In a speech to students in London, Lagarde did not elaborate on what the ECB’s actions might look like but instead spoke about climate change and the impact of the war on world grain supplies.

Disagreements in the eurozone are likely to come to the fore during a ministerial meeting later Thursday to discuss the bloc’s plan to strengthen the bloc’s financial system.

The main pillar of the reform related to the financial crisis, the so-called banking union, continues to be mired in debate, with the critical issue of deposit protection across the region still unresolved.

“We have gone backward rather than forwards,” said Karel Lannu of the Center for European Policy Studies.
“If a bank goes bankrupt, it will be the same as in 2008,” he said, adding that the burden would be borne by individual countries, not the entire bloc. “Draghi’s period is over.”

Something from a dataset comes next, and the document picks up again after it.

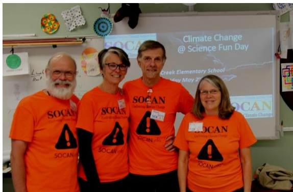
Griffin Creek School – Science is Fun Day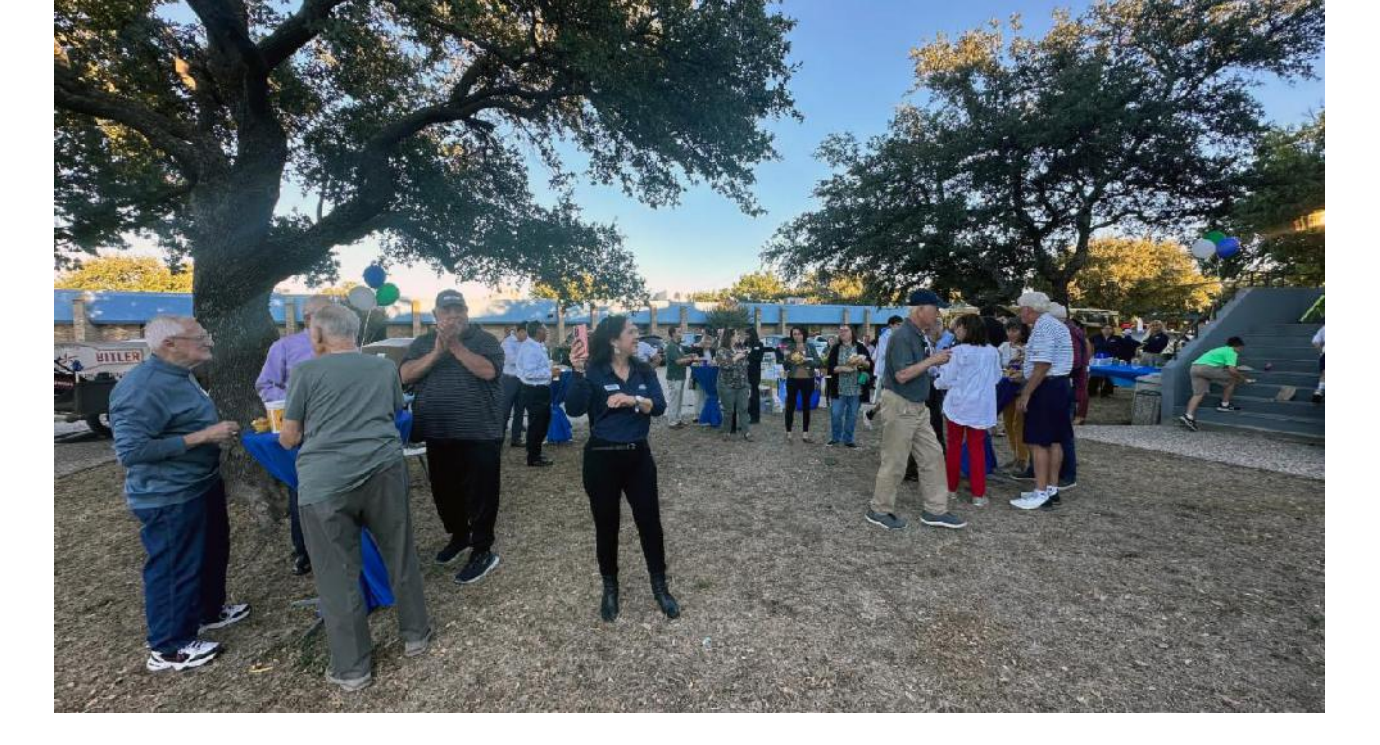
Member Connections enjoyed a Happy Hour on the lawn, hosted by Assurnet Insurance Agency on October 19.

Ministers are expected to continue postponing plans for a single safety deposit line for bank deposits, which Germany has long opposed, as it did not want to be burdened elsewhere, extending a decade-long effort to unify the sector to better oppose crises.

Thomas Huertas, a former vice-president of EU banking supervision who currently works at the Leibniz Institute, said the lack of such a safety net puts European banks at a disadvantage compared to their American competitors.

“This is one of those benefits that one can see and recognize. It is an important element not only for finances but in my opinion for the Union itself,” he added, commenting on the need for cross-border depositors’ protection.

The lack of progress in the banking union has, in turn, affected the shares of European banks, which have been lagging behind their American competitors for years.

The ministers’ debates are taking place against a backdrop of rising Italian borrowing costs, exacerbated by the ECB’s plans to raise interest rates and stop buying debt to contain rising prices. Spanish, Portuguese, and Greek bonds are under similar pressure.

Bankers and investors are watching closely how Europe reacts.

“Much of our work is about trust,” said Vis Ragavan, chief executive officer for Europe, the Middle East, and Africa and co-chair of JPMorgan’s global investment banking. “Much of what we are seeing is about trust in politics and achieving an organized way out of stagflation.”

But once the ECB has exhausted its way to delight investors, the ball is back in the court of politicians who must act.

“While the ECB could keep markets happy with bazookas, it is becoming increasingly difficult to do so at a time when it has to fight inflation,” said Carsten Brzeski, an economist at Dutch bank ING.

“This leaves it up to governments to finally find a suitable union.”